A train control management system uses GNSS position and velocity data to manage trains. Of course, when a position of a train is spoofed, it will directly affect the life of the people.

For example, the location of a train is used to determine the portal system in a road crossing. When a train position is false, it can be a situation that a train pass a crossing, but the portal system does not work!

However, many train management systems are equipped with backup positioning system to assure the integrity of their positioning system provided by GNSS satellites.

Taxis and trucks

Many reports show that spoofing on the location of taxis or trucks has been used for intentional purposes. Many cases, taxis or trucks are jammed and spoofed so that the taxi or truck companies cannot track their vehicles.

When taxis or trucks cannot be tracked, the driver of the taxis or trucks can steer their vehicles to unintended or unplanned route. The reasons can be for extra miles to get more money or to steal an expensive cargo and cannot be tracked by the company.

Mobile phone

Actually, spoofing a mobile phone is difficult. Because, the nature of mobile phone is usually it is in a building-cluttered environment and always in motion. It is very difficult to maintain a signal lock on a spoofer signal.

In addition, most cases, the difficulty or the effort to launch a spoofing attack to the mobile phone outweighs the advantage of spoofing the mobile phone.

In mobile phone network, base stations require precise timing provided by GNSS systems. For the case of mobile phone, a GPS jamming (not spoofing) incident has caused a mobile phone signal shortage in San Diego 2007.


Spoofing attack for GNSS signals has been presented in this post. Spoofing is different with jamming.

In Spoofing, the main goal is to fool a receiver so that the receiver extracts false information. Meanwhile, in jamming, the main goal is to cause a receiver to not be able to get PNT solutions from GNSS, for example GPS, satellites.

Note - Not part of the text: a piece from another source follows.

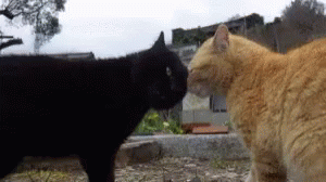 Descripción del contenido: a black cat and an orange cat standing next to each other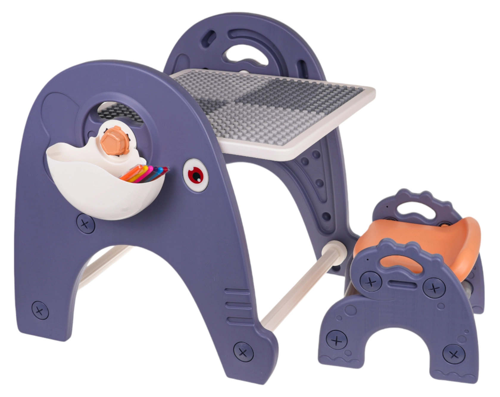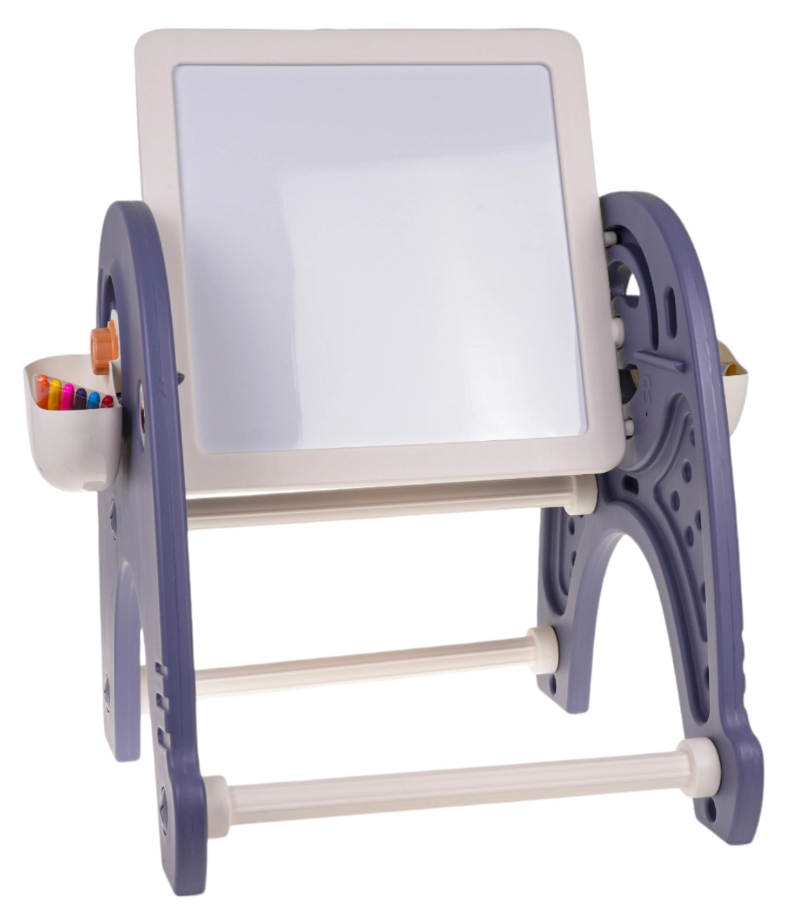 Set 4 in 1: lavagna, tavolo, base per costruzioni e sedia per bambini dai 3 anni in su. Il set è realizzato in plastica di altissima qualità, senza spigoli vivi ed è stabile. Sulle gambe in plastica è montata una lavagna che può essere inclinata a qualsiasi angolazione e ruotata. Da un lato c’è una superficie per disegnare e dall’altro una base per costruire con i mattoncini. La lavagna e la base possono essere usate in posizione verticale o orizzontale. In posizione orizzontale, il set può essere utilizzato come tavolino per disegnare, studiare o mangiare, oppure come base per i mattoncini. Il set include una spugna e 6 pennarelli. Ai lati del set sono presenti anche due cestini per accessori da disegno. Il set sviluppa l’immaginazione e le capacità cognitive dei bambini. .. Caratteristiche del set: . - indicato per bambini dai 3 anni, .- realizzato con materiali sicuri, senza spigoli vivi, .- molte possibilità di gioco: .* tavolino da disegno, .* tavolo per lo studio o il gioco, .* supporto per costruire con i mattoncini, .* lavagna per disegnare, .- sedia stabile, .- sviluppa l’immaginazione e le capacità cognitive dei bambini. . |

The threat of spoofing is serious. However, it is also difficult to realise an effective spoofing attack. Hence, it is important to know what spoofing is and also GNSS receivers should also start to equip their receiver with anti-spoofing technologies.


[1] Psiaki, M.L. and Humphreys, T.E., 2016. GNSS spoofing and detection. Proceedings of the IEEE, 104(6), pp.1258-1270.

[2] Schmidt, D., Radke, K., Camtepe, S., Foo, E. and Ren, M., 2016. A survey and analysis of the GNSS spoofing threat and countermeasures. ACM Computing Surveys (CSUR), 48(4), pp.1-31.

[3] Wu, Z., Zhang, Y., Yang, Y., Liang, C. and Liu, R., 2020. Spoofing and anti-spoofing technologies of global navigation satellite system: A survey. IEEE Access, 8, pp.165444-165496.

[4] Shepard, D.P., Humphreys, T.E. and Fansler, A.A., 2012. Evaluation of the vulnerability of phasor measurement units to GPS spoofing attacks. International Journal of Critical Infrastructure Protection, 5(3-4), pp.146-153.

[5] Caparra, G., Ceccato, S., Laurenti, N. and Cramer, J., 2017, September. Feasibility and limitations of self-spoofing attacks on GNSS signals with message authentication. In Proceedings of the 30th International Technical Meeting of the Satellite Division of The Institute of Navigation (ION GNSS+ 2017) (pp. 3968-3984).


[7] Broumandan, A., Jafarnia-Jahromi, A., Dehghanian, V., Nielsen, J. and Lachapelle, G., 2012, April. GNSS spoofing detection in handheld receivers based on signal spatial correlation. In Proceedings of the 2012 IEEE/ION Position, Location and Navigation Symposium (pp. 479-487). IEEE.